Sanity Checks for Agentic Data Science
Summary: arXiv:2604.11003v1 Announce Type: new
Agentic data science (ADS) pipelines have grown rapidly in both capability and adoption, with systems such as OpenAI Codex now able to directly analyze datasets and produce answers to statistical questions. However, these systems can reach falsely optimistic conclusions that are difficult for users to detect.
To address this issue, researchers have proposed a pair of lightweight sanity checks grounded in the Predictability-Computability-Stability (PCS) framework for veridical data science. These checks employ reasonable perturbations to determine whether an agent can reliably distinguish between meaningful signals and random noise. By applying these checks, users can impose a falsifiability constraint that helps expose unsupported affirmative conclusions.
Proposed Sanity Checks
The two proposed sanity checks aim to characterize the trustworthiness of an ADS output. They assess whether the ADS has identified stable signals or is merely responding to noise. Additionally, they evaluate whether the conclusions drawn by the ADS are sensitive to incidental aspects of the input data.
- Check 1: Signal Detection – This check assesses the agent’s ability to reliably identify the presence of a signal amidst noise.
- Check 2: Noise Sensitivity – This check evaluates how sensitive the agent’s conclusions are to variations in the input data.
By validating this approach on synthetic data with controlled signal-to-noise ratios, researchers confirmed that the sanity checks effectively track the ground-truth signal strength.
Real-World Applications
The researchers further demonstrated the effectiveness of these sanity checks on 11 real-world datasets using OpenAI Codex. This evaluation aimed to characterize the trustworthiness of each conclusion drawn by the ADS.
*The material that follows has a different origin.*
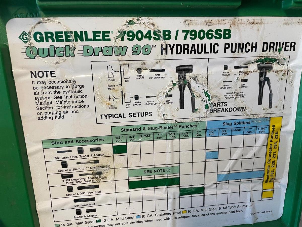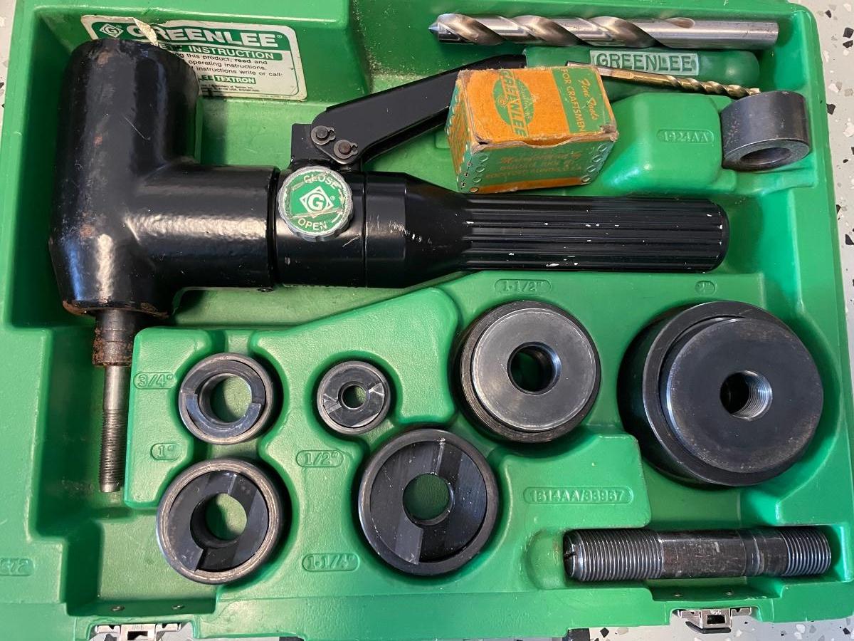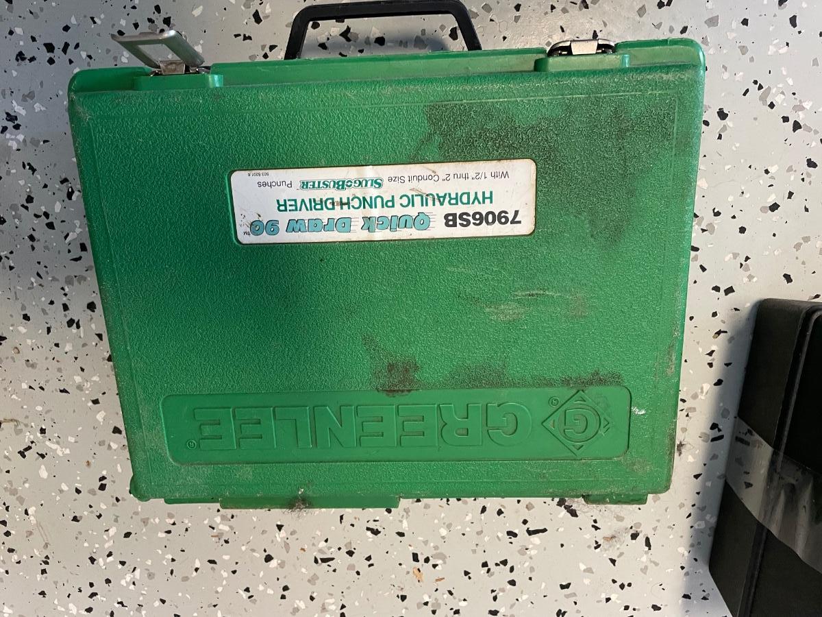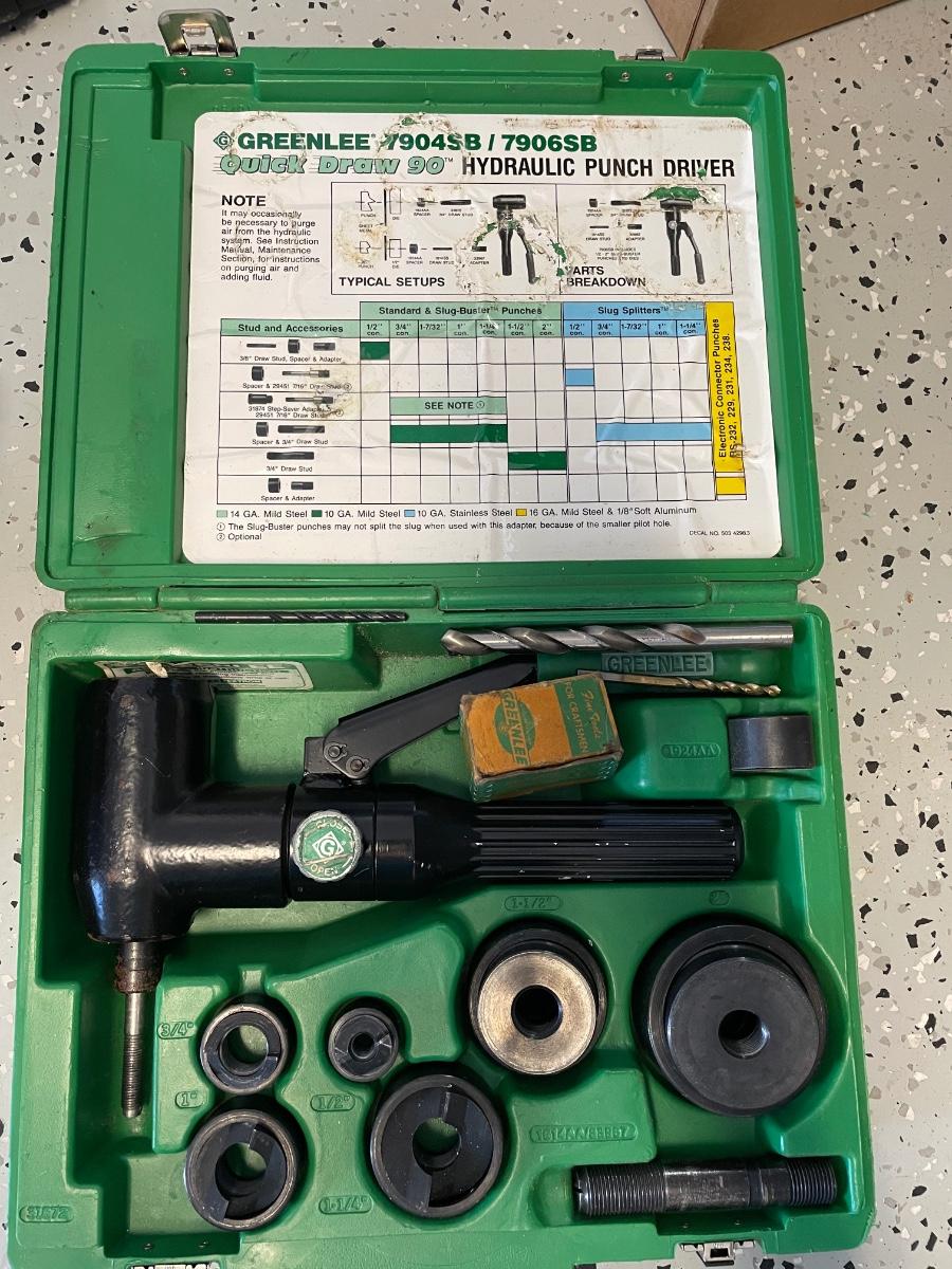 Greenlee Quick Draw 90 hydraulic punch driver with a variety of punch and die sizes, including a case for storage.

Remarkably, the findings revealed that in 6 out of the 11 datasets, an affirmative conclusion was not well-supported, even though a single ADS run may have suggested otherwise. This discrepancy highlights the necessity of implementing sanity checks in practical applications of ADS.
Analysis of Failure Modes
In addition to validating the sanity checks, the researchers conducted an analysis of failure modes in ADS systems. The results indicated that the self-reported confidence levels of ADS are often poorly calibrated to the empirical stability of their conclusions. This finding underscores the importance of skepticism when interpreting results generated by ADS systems.
Conclusion
As the use of agentic data science pipelines continues to increase, ensuring the reliability and trustworthiness of their outputs becomes paramount. The introduction of sanity checks, grounded in the PCS framework, provides a necessary tool for users to critically evaluate the conclusions drawn by these systems. Future research should continue exploring additional methods to enhance the reliability of ADS, ensuring that these powerful tools serve as trustworthy aids in data analysis.